> _Work required_:
Go through the listing below, and from the line containing "Workshop building of" through its last line, transcribe every line exactly, skipping pictures.

------------------------

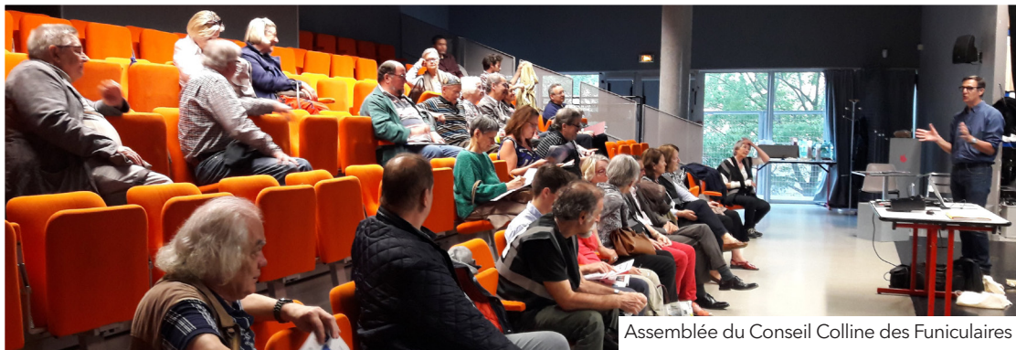
Assemblée du Conseil Colline des Funiculaires
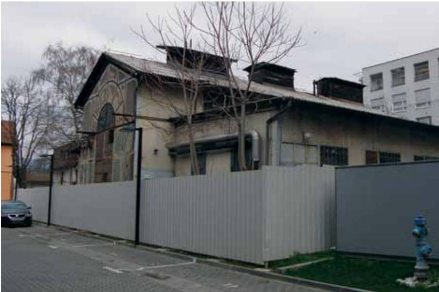
Pogonska zgrada negdašnje Tvornice svijeća »Iskra« u Bužanovoj ulici, 2008. godine

Workshop building of the former candle factory »Iskra« in Bužanova Street, 2008
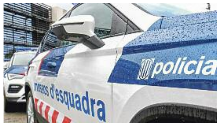
La detenció va tenir lloc a principis d'octubre.

A més, l'arrestat també acumulava altres antecedents, entre els quals delictes contra el patrimoni i de maltractament en l'àmbit de la llar. El Grup de Recerca Activa de Fugitius dels Mossos d'Esquadra va prioritzar la investigació sobre l'home fins que va detenir-lo.
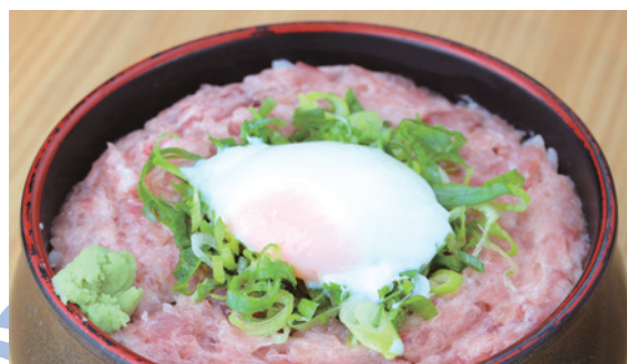
温玉 ネギトロ丼 1,080円 (税込) ミニ 680円 (税込)
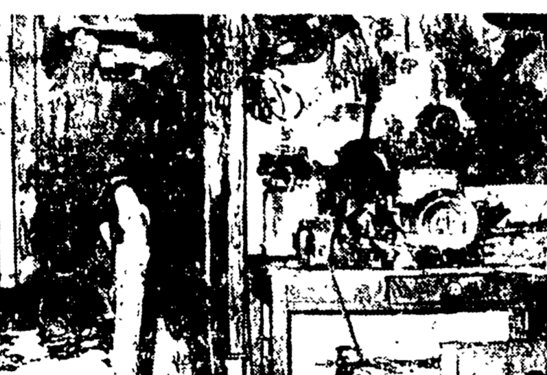
L'appartamento devastato dallo scoppio della bomba

Una bomba di gas liquido è esplosa in un appartamento di via del Tufo, distruggendo completamente un appartamento. Il padre di un pensionato ha trascinato il figlio fuori della stanza un attimo prima dell'esplosione.
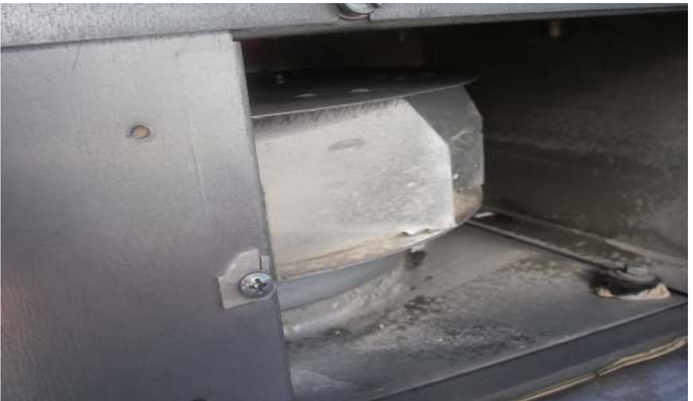
KUVA 25. Yleiskuva päärakennuksen vesikatolla olevasta huippuimurista, josta puuttuu suojaritilä.

------------------------

> _Solution to the problem_:
Workshop building of the former candle factory »Iskra« in Bužanova Street, 2008
La detenció va tenir lloc a principis d'octubre.

A més, l'arrestat també acumulava altres antecedents, entre els quals delictes contra el patrimoni i de maltractament en l'àmbit de la llar. El Grup de Recerca Activa de Fugitius dels Mossos d'Esquadra va prioritzar la investigació sobre l'home fins que va detenir-lo.
温玉 ネギトロ丼 1,080円 (税込) ミニ 680円 (税込)
L'appartamento devastato dallo scoppio della bomba

Una bomba di gas liquido è esplosa in un appartamento di via del Tufo, distruggendo completamente un appartamento. Il padre di un pensionato ha trascinato il figlio fuori della stanza un attimo prima dell'esplosione.
KUVA 25. Yleiskuva päärakennuksen vesikatolla olevasta huippuimurista, josta puuttuu suojaritilä.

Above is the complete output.